Why I’m Ditching Apps and Returning to Print (Mostly)

I'm going old school, and it's all because of cooking magazines. Explanation in a moment.

Why I’m Ditching Apps and Returning to Print (Mostly)
Timothy A Clary | AFP | Getty Images

Newsweek said this week it is ditching the print version of its magazine and shifting entirely to a digital version. It's been publishing the magazine for 80 years. (Read More:Stop the Presses: Newsweek Losing Print Edition.)

Yet after little more than a year of going entirely digital, I'm returning to print. As much as I can these days, anyway.

The reason? I'm not reading as much as I want to or used to.

When I first bought an Pad and checked out a few early digital versions of magazines it all seemed so clear: Stop killing trees Sullivan, end the clutter of recyclables and welcome in the twenty-first century.

Over the next year I let most all of my print subscriptions expire and moved almost entirely online. I felt hip and just a tad environmentally smug, with the promise of a constant flow of cool stuff right at my fingertips.

What's been good for the environment, though, has been bad for my brain and possibly my wallet. I've recently realized I'm consuming far less from my favorite publications, even while buying more. While a constant flow of information is at my fingertips, all my favorite magazines and one-off impulse buys are now buried inside apps on the cluttered real estate of my iPad and I'm simply forgetting they're there. While I am reading more random articles through apps such as Zite and Longform, the bigger topics I'm interested in are getting lost. (Read More: Here's What Microsoft's Tablet Has That Apple's iPad Doesn't.)

Back to the cooking mags.

I love to cook. While not very good at it, I subscribed to most cooking magazines because I wanted to get better, check out new restaurants and pretend I'm sophisticated. Earlier this week, I stumbled upon the latest print issue of one, dug in, ripped out some recipes to make my family suffer through, and thoroughly enjoyed the experience.

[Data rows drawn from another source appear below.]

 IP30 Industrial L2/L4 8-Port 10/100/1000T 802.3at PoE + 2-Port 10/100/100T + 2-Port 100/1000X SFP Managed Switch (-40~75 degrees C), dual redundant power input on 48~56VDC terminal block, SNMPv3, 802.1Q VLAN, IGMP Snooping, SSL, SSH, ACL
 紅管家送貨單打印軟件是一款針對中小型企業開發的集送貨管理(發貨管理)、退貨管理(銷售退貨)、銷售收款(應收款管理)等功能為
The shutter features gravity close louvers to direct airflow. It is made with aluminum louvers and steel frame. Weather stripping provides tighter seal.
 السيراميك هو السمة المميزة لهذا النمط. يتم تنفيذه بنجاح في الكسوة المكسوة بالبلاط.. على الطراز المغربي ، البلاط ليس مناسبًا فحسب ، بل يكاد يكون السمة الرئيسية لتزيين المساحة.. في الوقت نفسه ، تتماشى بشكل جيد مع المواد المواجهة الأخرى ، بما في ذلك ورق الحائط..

Then I remembered that another cooking magazine I once enjoyed, Gourmet, had moved to an entirely app-based version and that, despite having spent some money on its digital mini-versions, I hadn't even bothered to restore the app when I was forced to restore the factory settings on my iPad months ago.

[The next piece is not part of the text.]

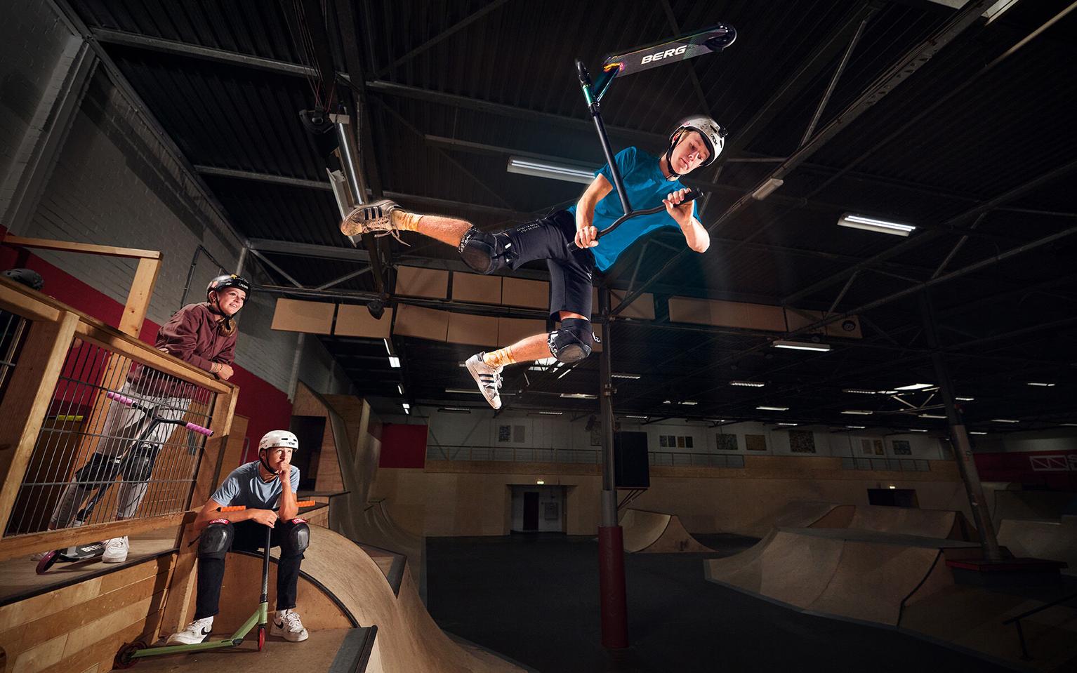 Teen jumping with the BERG Proxus X1 stunt scooter in an indoor skatepark

Logging back into my Zinio magazine app, I also discovered there were a number of publications I had purchased but never even bothered to download, much less read. On the Apple newsstand app it was much the same, as I had bought some one-off magazines I wouldn't normally buy, read a few digital pages and then let them drift off into the publishing ether once I turned off the device. (Read More: How Much For a Mini iPad?)

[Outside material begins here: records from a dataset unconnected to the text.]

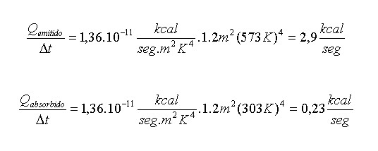Un cuerpo perfectamente negro tiene una superficie externa de 2 m2 y una temperatura de 300 ºC (573K). Se coloca en un ambiente que se encuentra a 30 ºC (303K). Calcular cuanto calor por unidad de tiempo absorbe y emite en esas condiciones.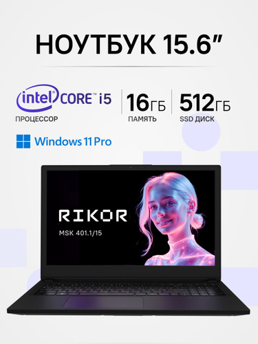 Rikor MSK 401.1 Ноутбук 15.6", Intel Core i5-12450H, RAM 16 ГБ, SSD 512 ГБ, Intel UHD Graphics, Windows Pro, (C1F918CB), черный матовый, Русская раскладка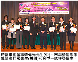 在是次市場研究計劃中,共有四組同學替時富集團旗下公司作市場調(diào)查,集團董事黎偉光先生表示:「各研究組別有高水準的表現(xiàn),提供的建議十分值得本集團參考。我們對於同學的工作熱誠及積極態(tài)度,感到十分滿意。」

Yes, my wasted money is my own fault for not digging deeper into the real estate of the iPad screen. But in my defense, a half-inch app just doesn't have the same attraction as a giant glossy picture of a dripping grilled cheese sandwich on a magazine cover. The cheesy goodness will win out over an iPad 'on' switch every time.

Magazines on tablets are beautiful things. The embedded videos, links, and other goodies only digital can provide add to the overall reading experience. But to improve a reading experience there must first be a reading experience.

Maybe I'm a sucker for shiny pictures.

Maybe I'm too lazy for not digging deeper into the apps.

Maybe I just hate trees.

Either way, I'll be giving the post office more much-needed business as I renew the old school print versions of about 10 magazines over the next few weeks.